= Beginning of Section =

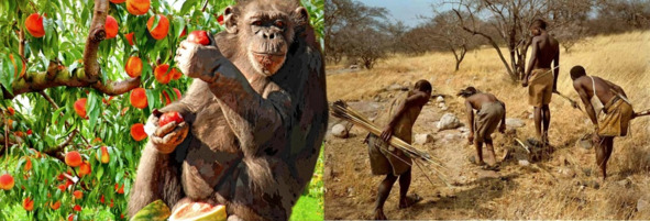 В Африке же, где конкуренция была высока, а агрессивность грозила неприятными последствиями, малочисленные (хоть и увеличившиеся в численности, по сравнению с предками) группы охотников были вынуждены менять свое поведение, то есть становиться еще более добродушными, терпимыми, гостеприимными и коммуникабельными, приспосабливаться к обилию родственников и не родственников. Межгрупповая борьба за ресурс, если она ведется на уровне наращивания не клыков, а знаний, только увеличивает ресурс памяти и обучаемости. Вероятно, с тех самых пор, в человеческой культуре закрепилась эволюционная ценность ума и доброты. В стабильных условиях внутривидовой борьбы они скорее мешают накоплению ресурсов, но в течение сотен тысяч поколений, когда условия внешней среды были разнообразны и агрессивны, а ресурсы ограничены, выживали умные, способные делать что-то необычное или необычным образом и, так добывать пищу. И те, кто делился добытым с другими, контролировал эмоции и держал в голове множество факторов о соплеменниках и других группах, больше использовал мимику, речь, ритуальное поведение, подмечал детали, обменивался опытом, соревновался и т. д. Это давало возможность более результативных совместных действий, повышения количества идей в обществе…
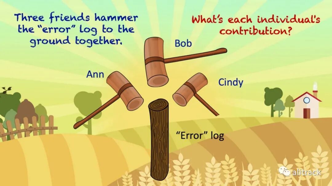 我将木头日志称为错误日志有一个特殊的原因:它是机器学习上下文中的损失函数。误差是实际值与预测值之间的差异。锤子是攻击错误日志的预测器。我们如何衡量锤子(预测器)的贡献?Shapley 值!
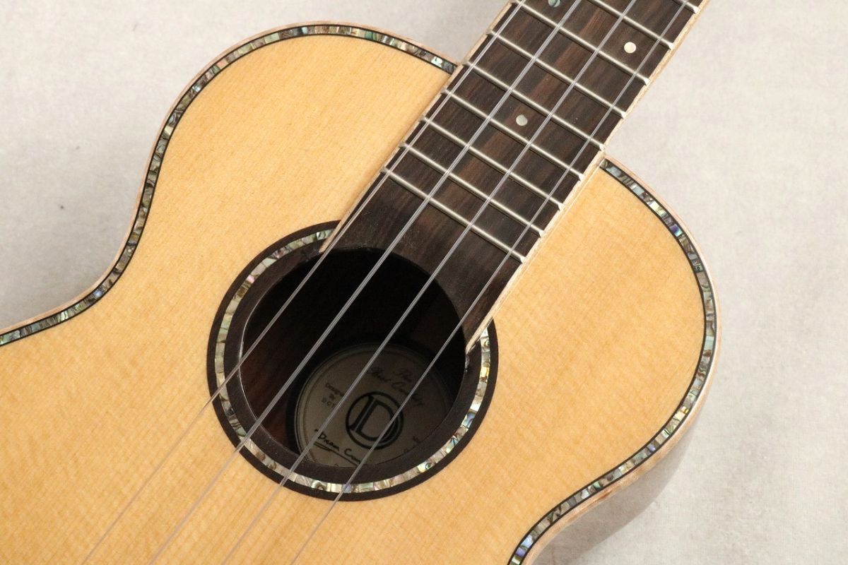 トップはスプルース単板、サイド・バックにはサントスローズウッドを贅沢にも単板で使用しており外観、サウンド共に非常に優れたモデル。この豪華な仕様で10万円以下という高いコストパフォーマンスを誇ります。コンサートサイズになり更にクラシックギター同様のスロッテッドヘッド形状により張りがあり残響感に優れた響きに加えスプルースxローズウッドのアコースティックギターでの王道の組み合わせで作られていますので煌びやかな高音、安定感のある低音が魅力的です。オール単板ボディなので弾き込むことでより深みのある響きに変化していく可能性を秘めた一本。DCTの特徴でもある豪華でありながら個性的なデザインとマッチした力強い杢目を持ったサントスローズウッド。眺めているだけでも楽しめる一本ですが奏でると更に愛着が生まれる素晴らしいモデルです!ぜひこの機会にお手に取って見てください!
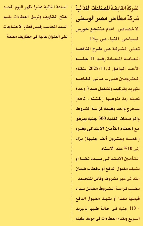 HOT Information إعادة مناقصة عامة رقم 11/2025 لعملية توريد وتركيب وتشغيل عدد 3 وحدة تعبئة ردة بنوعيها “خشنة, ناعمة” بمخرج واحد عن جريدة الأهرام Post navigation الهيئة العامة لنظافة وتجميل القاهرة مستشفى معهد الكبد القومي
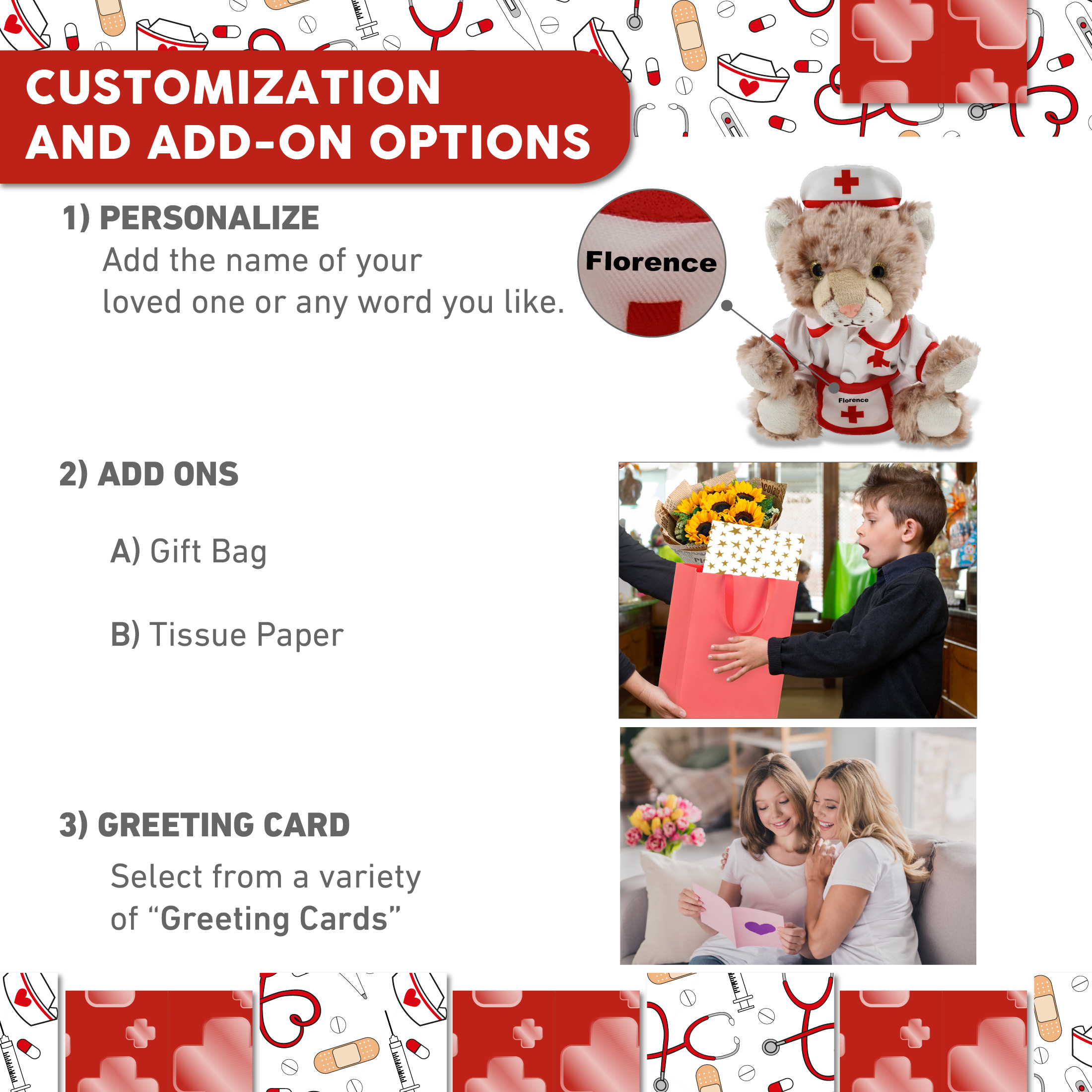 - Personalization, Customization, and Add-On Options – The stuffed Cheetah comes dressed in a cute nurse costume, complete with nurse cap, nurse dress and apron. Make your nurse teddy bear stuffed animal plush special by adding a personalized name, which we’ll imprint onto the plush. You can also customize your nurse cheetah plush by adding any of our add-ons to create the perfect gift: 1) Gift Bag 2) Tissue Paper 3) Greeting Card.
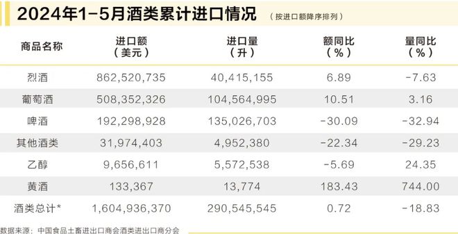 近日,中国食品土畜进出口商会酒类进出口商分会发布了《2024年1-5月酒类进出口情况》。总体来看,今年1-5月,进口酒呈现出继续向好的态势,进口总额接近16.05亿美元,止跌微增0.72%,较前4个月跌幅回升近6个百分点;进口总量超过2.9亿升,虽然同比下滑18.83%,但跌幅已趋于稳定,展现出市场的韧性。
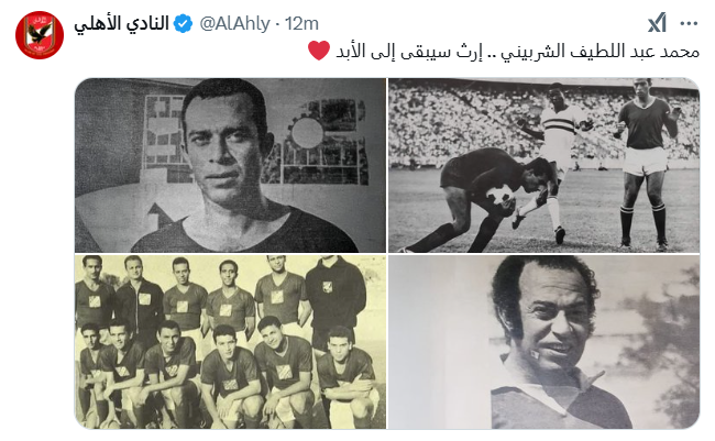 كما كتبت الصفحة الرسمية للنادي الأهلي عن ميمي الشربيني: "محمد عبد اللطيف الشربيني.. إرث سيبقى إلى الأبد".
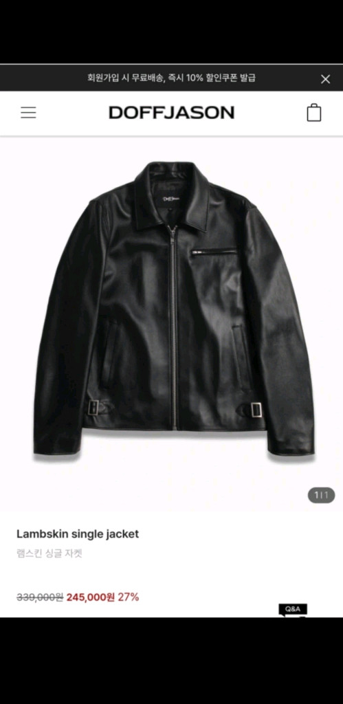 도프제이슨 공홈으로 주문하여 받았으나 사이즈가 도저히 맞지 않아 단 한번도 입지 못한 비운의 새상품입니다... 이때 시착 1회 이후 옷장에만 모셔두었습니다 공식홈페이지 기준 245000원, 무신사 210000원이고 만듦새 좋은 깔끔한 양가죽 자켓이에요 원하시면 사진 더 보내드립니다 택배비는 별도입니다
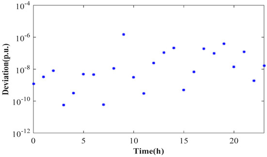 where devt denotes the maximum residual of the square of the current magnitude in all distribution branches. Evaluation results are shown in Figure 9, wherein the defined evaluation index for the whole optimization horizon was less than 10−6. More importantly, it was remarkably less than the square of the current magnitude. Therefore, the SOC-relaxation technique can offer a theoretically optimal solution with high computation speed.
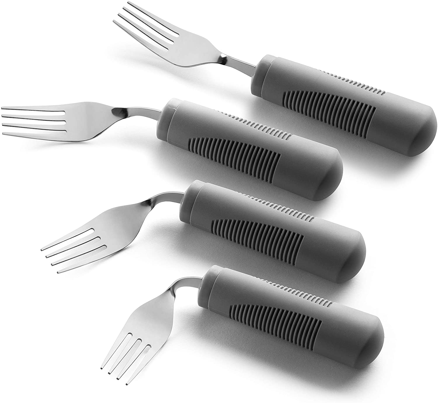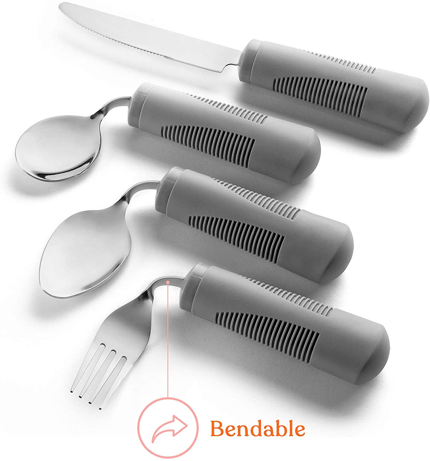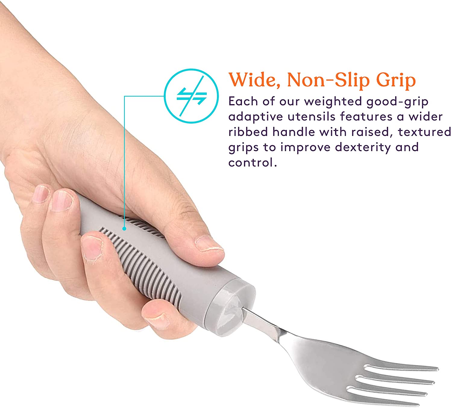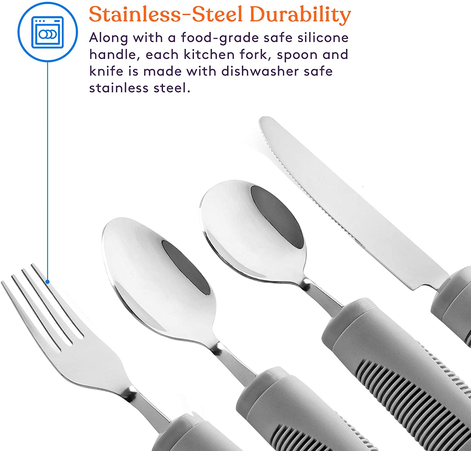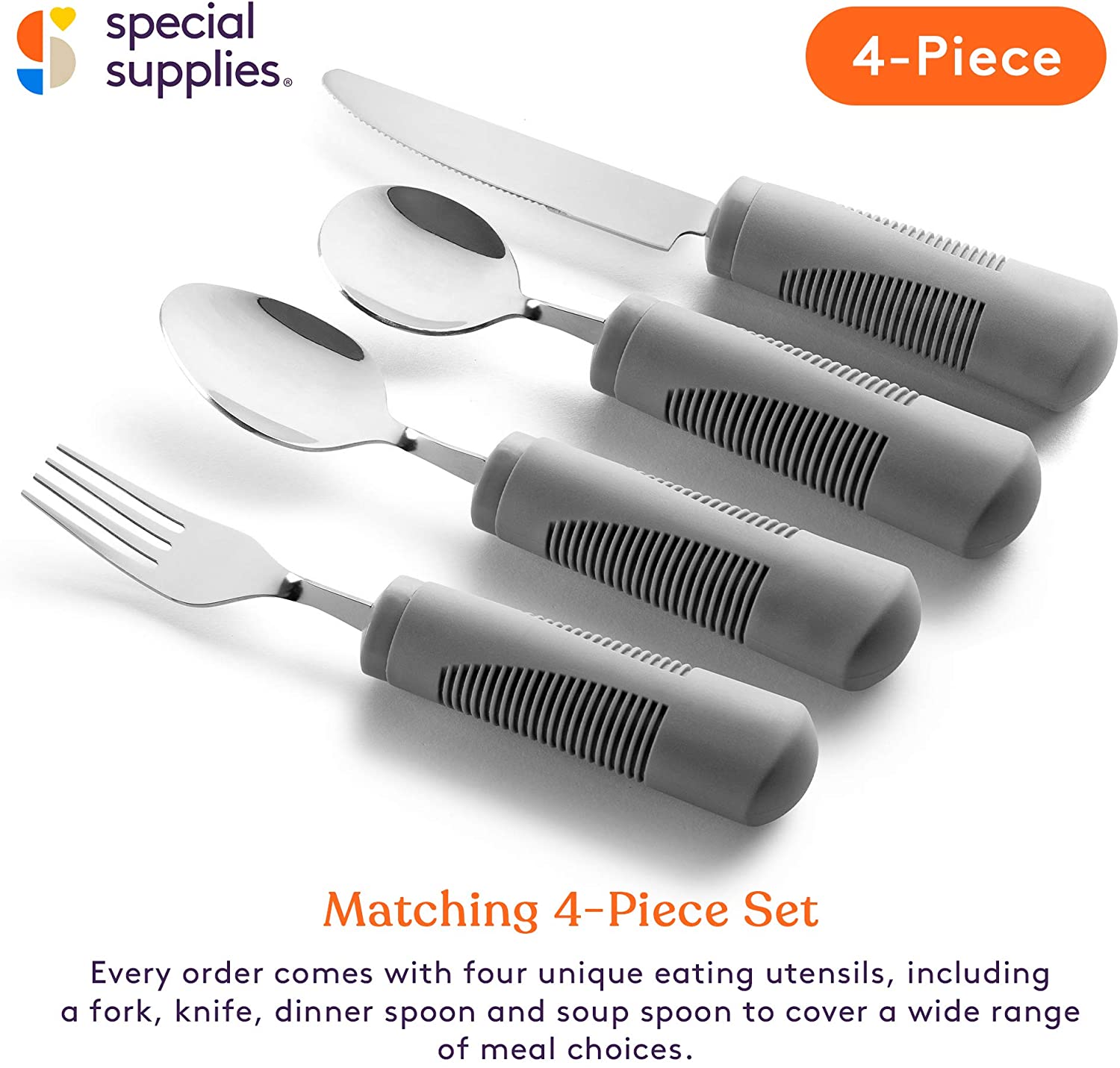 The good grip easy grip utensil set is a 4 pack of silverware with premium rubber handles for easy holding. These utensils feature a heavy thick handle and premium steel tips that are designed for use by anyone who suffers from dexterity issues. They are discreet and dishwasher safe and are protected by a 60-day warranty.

= End of Section =

:: WHAT IS BEING ASKED ::
An exact copy of the lines above from the one with "كما كتبت الصفحة" up to and including the one with "도프제이슨 공홈으로 주문하여" is required; reproduce only those lines, omitting all pictures.

:: OUTPUT FOR THIS EXERCISE ::
 كما كتبت الصفحة الرسمية للنادي الأهلي عن ميمي الشربيني: "محمد عبد اللطيف الشربيني.. إرث سيبقى إلى الأبد".
 도프제이슨 공홈으로 주문하여 받았으나 사이즈가 도저히 맞지 않아 단 한번도 입지 못한 비운의 새상품입니다... 이때 시착 1회 이후 옷장에만 모셔두었습니다 공식홈페이지 기준 245000원, 무신사 210000원이고 만듦새 좋은 깔끔한 양가죽 자켓이에요 원하시면 사진 더 보내드립니다 택배비는 별도입니다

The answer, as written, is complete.